What you have to do
Without including any pictures, retype exactly the lines from the top of the records through the line containing "Genesia Thompson, senior", that final line included.

Data for this task
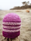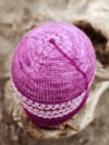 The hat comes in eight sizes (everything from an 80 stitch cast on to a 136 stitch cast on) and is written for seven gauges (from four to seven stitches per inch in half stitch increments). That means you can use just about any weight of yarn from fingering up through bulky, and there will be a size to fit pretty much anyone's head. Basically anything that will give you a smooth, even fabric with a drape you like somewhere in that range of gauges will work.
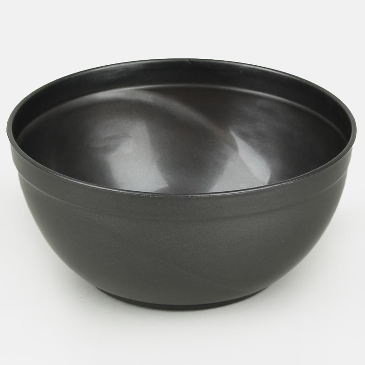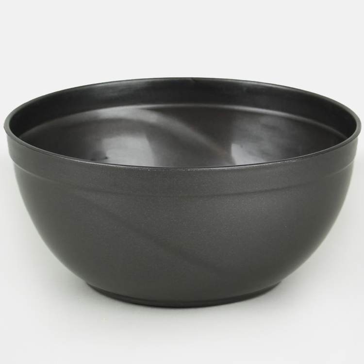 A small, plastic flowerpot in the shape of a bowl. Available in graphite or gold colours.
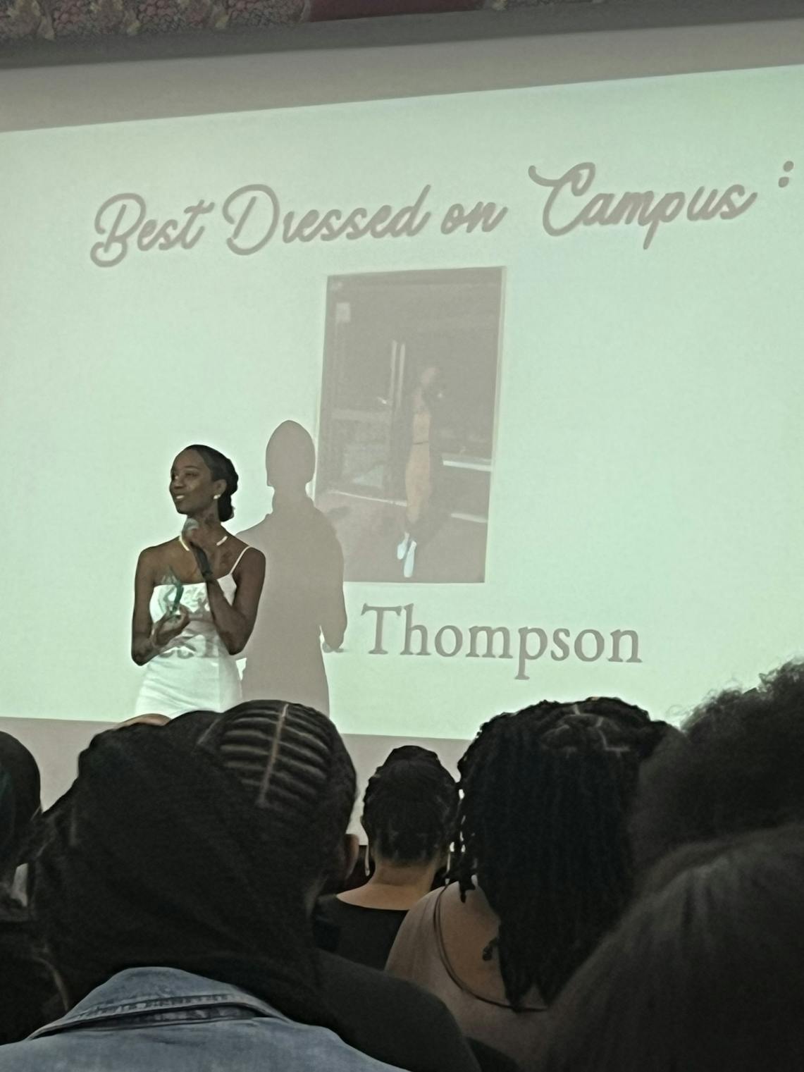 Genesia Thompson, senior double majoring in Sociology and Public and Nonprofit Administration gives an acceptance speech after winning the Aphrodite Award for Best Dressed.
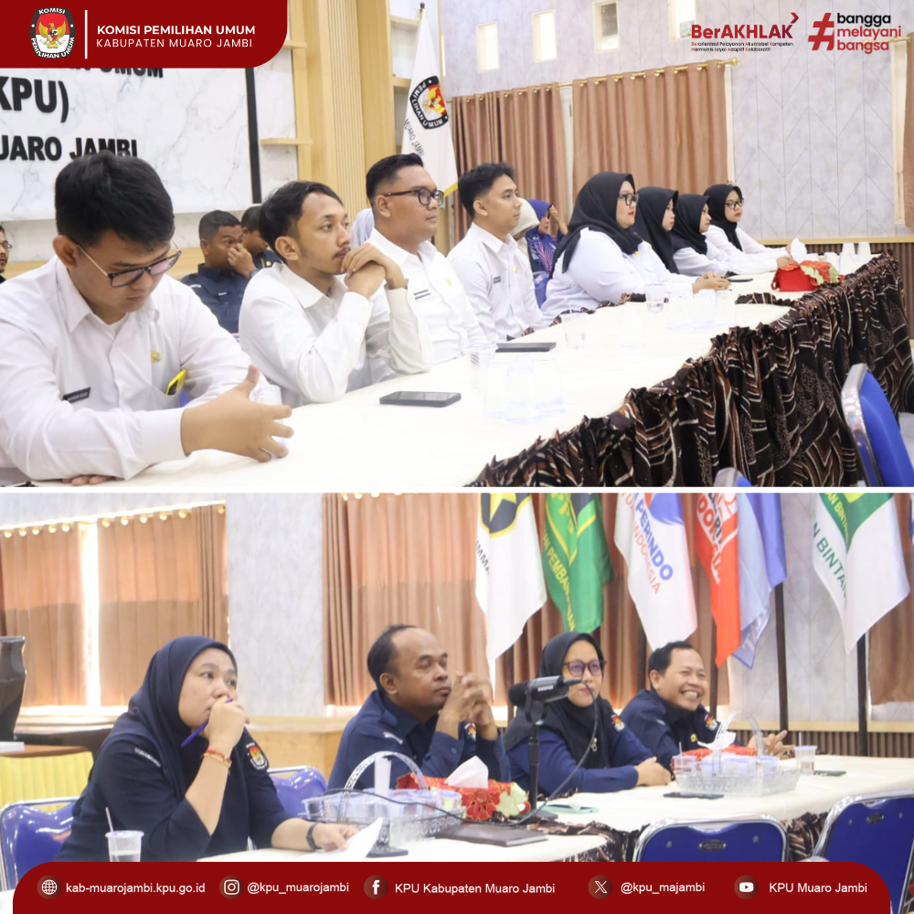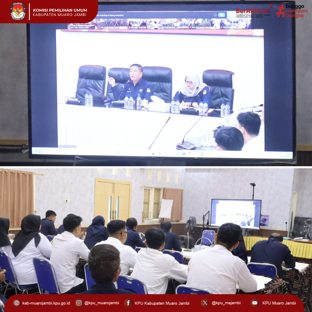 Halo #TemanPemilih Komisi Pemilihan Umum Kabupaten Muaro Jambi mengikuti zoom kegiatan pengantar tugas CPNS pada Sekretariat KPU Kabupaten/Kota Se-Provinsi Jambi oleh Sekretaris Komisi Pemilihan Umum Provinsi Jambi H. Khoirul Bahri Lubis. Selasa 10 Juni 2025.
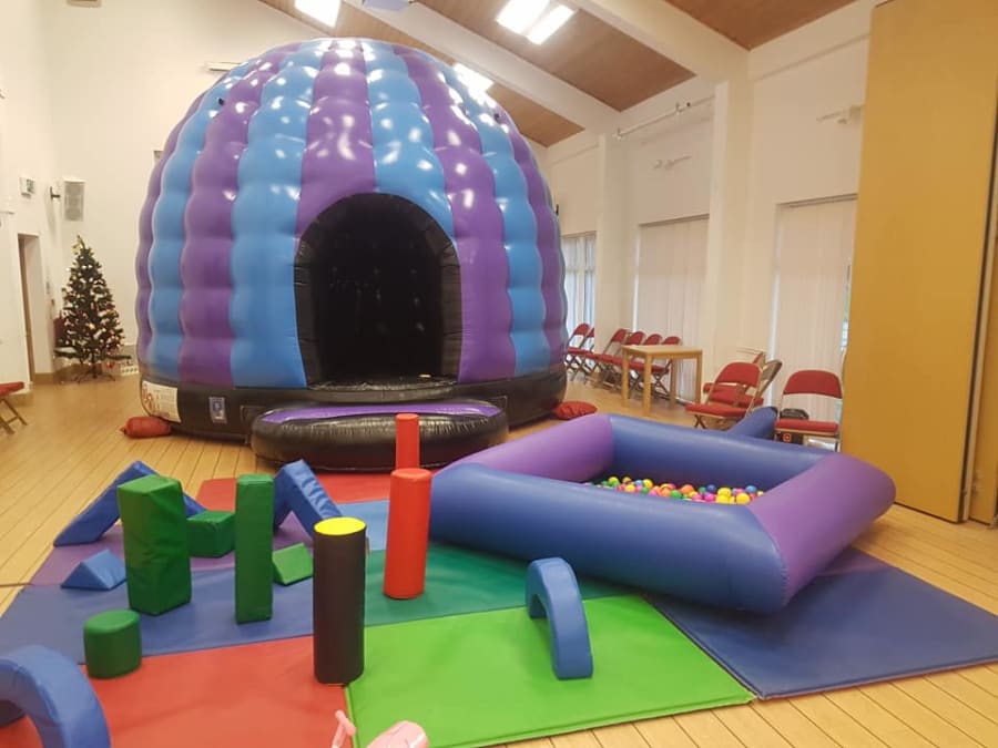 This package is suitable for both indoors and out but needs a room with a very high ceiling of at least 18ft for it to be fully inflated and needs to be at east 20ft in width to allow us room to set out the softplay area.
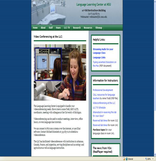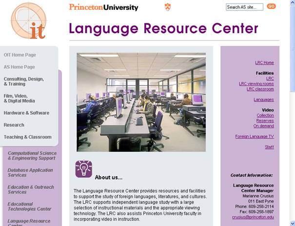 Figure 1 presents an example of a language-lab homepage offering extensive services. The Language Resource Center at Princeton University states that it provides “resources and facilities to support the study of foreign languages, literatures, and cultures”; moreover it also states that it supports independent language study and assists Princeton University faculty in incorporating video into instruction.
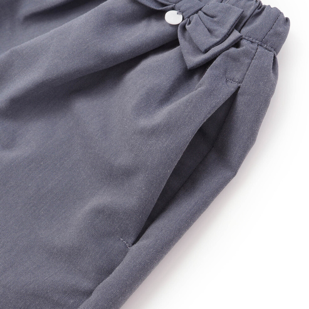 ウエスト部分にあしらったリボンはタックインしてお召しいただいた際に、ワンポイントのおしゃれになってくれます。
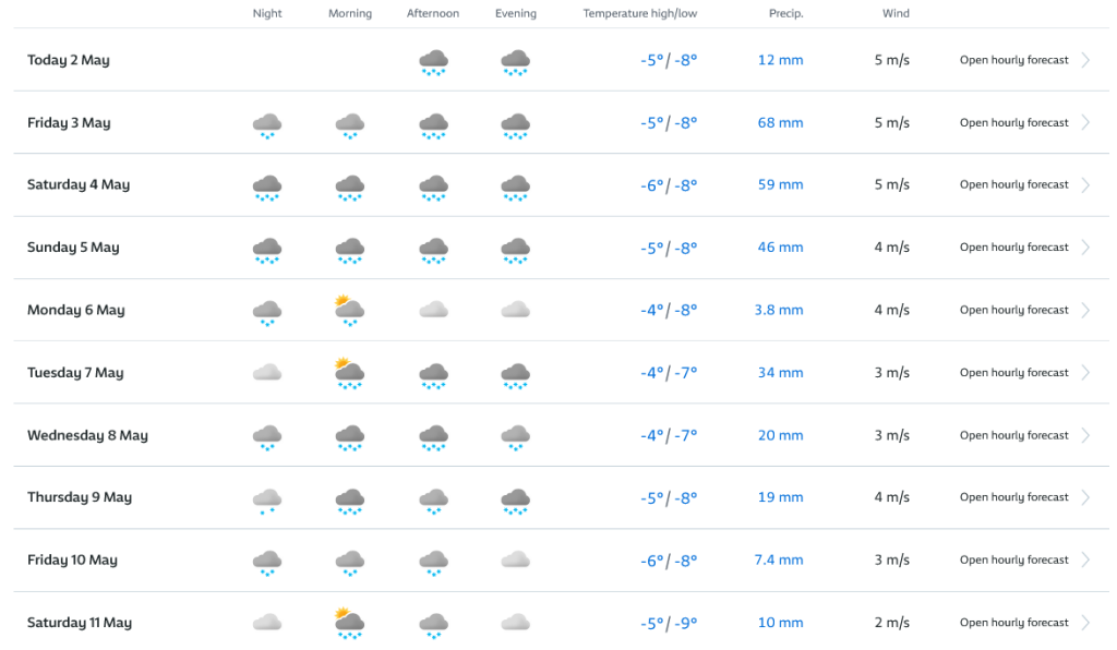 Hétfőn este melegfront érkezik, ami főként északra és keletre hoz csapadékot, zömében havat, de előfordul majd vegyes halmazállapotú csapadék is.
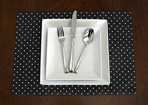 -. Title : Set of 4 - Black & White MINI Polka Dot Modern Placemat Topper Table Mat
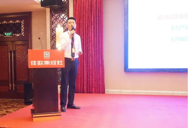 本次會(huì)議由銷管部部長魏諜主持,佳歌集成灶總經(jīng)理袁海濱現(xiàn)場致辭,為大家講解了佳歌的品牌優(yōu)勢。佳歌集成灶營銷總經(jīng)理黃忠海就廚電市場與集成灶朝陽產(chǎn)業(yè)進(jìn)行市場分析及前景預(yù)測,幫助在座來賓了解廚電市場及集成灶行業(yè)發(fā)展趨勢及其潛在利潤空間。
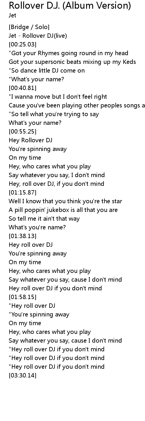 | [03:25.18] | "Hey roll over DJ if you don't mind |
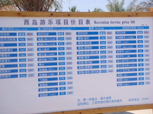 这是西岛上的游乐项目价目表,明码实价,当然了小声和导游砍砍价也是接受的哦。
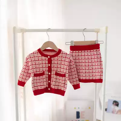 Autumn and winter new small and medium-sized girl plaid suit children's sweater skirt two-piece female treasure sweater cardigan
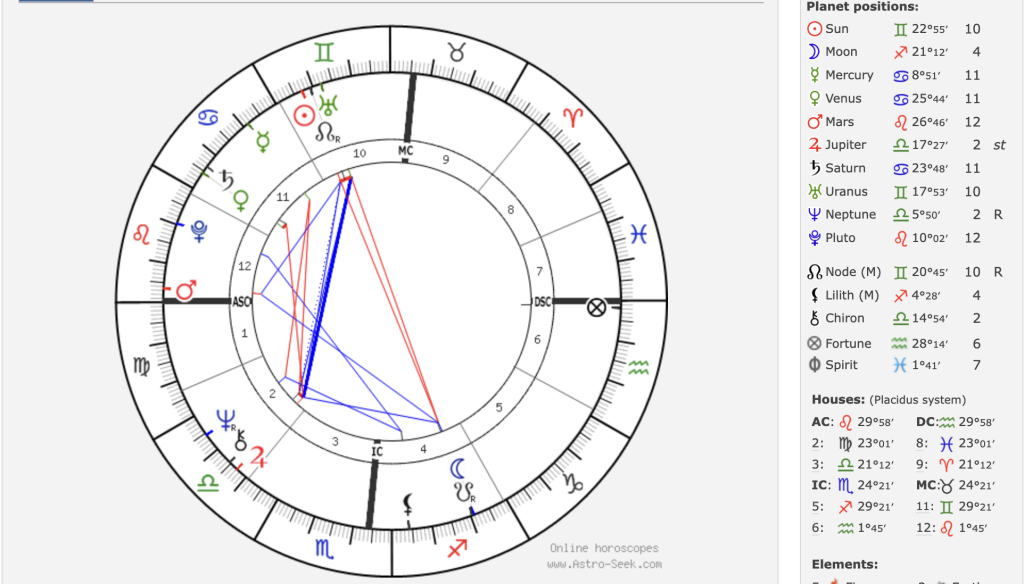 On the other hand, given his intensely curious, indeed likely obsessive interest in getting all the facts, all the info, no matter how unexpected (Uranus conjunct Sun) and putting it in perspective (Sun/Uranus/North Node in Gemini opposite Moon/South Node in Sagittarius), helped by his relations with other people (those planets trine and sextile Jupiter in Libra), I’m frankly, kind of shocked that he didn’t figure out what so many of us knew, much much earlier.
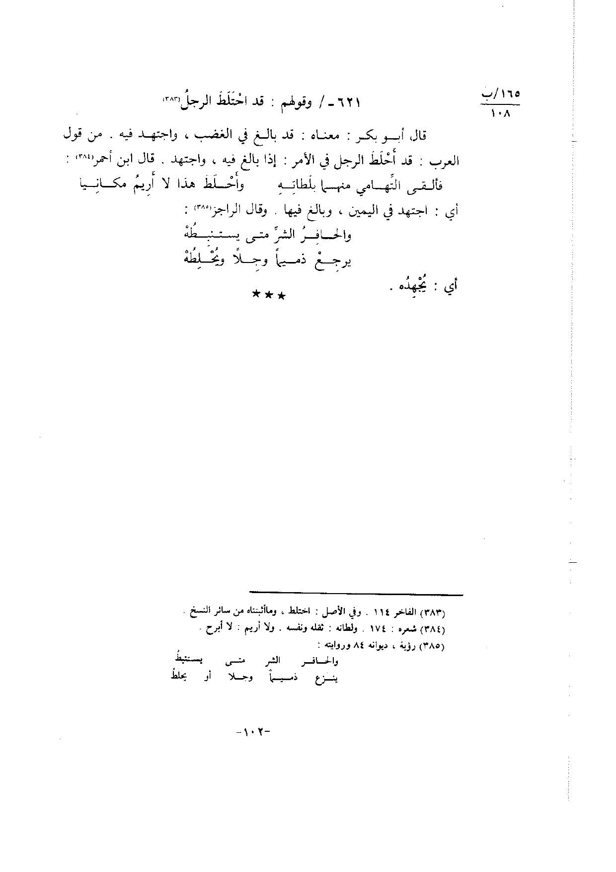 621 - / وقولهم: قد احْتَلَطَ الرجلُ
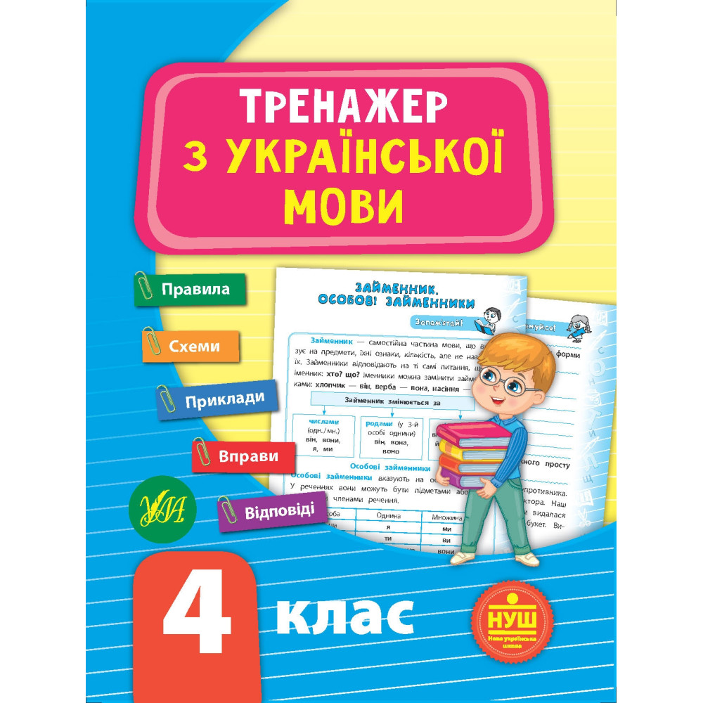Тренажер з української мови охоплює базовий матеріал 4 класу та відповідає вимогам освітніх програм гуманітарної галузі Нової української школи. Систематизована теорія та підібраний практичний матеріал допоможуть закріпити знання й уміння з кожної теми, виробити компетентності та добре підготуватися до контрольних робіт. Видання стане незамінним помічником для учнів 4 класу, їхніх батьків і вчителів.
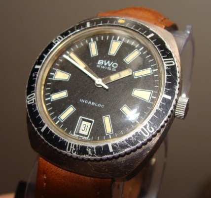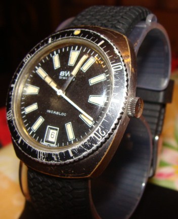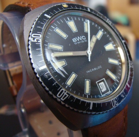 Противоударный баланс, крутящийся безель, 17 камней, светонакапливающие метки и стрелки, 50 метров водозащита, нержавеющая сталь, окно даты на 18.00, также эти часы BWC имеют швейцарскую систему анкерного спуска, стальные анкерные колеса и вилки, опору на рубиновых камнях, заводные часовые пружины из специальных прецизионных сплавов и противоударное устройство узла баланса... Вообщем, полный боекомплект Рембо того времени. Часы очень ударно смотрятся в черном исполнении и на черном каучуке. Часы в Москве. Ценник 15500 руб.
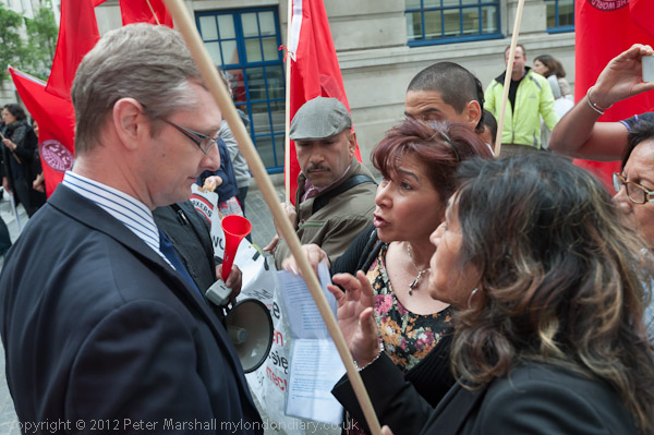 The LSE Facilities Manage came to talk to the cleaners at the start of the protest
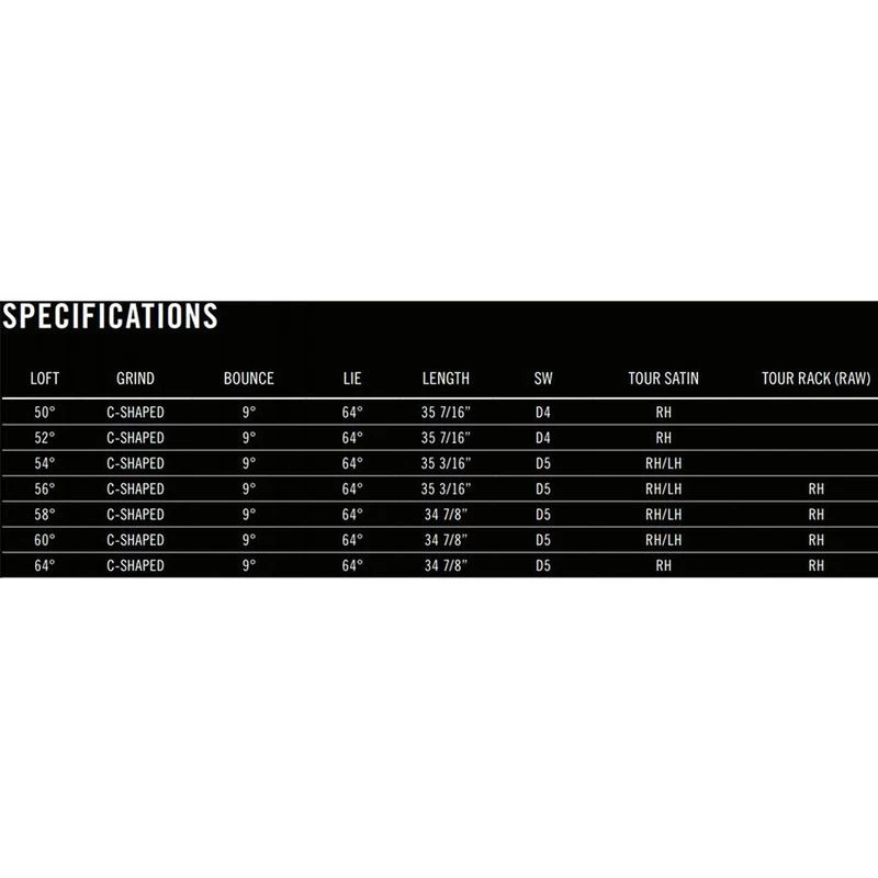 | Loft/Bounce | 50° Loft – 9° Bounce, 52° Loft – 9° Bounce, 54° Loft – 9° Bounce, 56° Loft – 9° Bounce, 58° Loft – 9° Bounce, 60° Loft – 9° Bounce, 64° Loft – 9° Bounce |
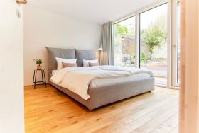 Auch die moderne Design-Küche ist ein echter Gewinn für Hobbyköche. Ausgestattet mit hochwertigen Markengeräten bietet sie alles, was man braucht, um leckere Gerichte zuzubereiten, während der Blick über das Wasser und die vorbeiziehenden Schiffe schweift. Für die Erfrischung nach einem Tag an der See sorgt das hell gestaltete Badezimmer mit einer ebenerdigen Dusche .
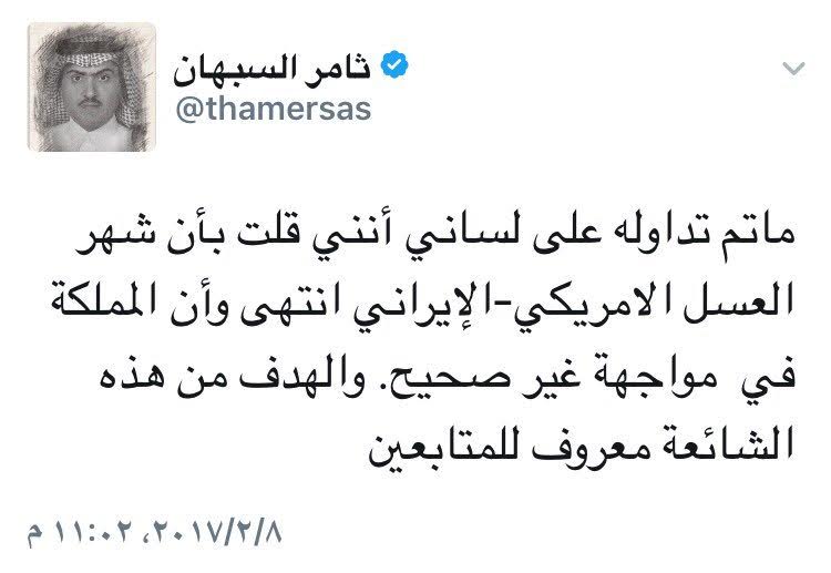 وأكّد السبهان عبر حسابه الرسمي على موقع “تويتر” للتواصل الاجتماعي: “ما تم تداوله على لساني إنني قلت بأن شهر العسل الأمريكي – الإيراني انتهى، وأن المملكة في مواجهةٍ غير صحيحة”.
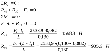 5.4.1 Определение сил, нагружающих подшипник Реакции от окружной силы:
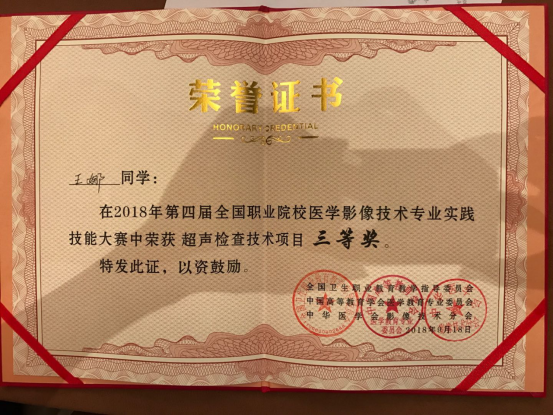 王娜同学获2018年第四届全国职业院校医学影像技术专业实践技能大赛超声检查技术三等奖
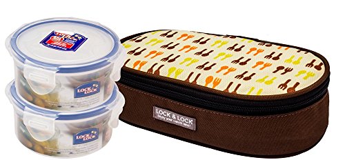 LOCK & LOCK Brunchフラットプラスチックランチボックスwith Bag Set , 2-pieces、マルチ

Answer to this task
 The hat comes in eight sizes (everything from an 80 stitch cast on to a 136 stitch cast on) and is written for seven gauges (from four to seven stitches per inch in half stitch increments). That means you can use just about any weight of yarn from fingering up through bulky, and there will be a size to fit pretty much anyone's head. Basically anything that will give you a smooth, even fabric with a drape you like somewhere in that range of gauges will work.
 A small, plastic flowerpot in the shape of a bowl. Available in graphite or gold colours.
 Genesia Thompson, senior double majoring in Sociology and Public and Nonprofit Administration gives an acceptance speech after winning the Aphrodite Award for Best Dressed.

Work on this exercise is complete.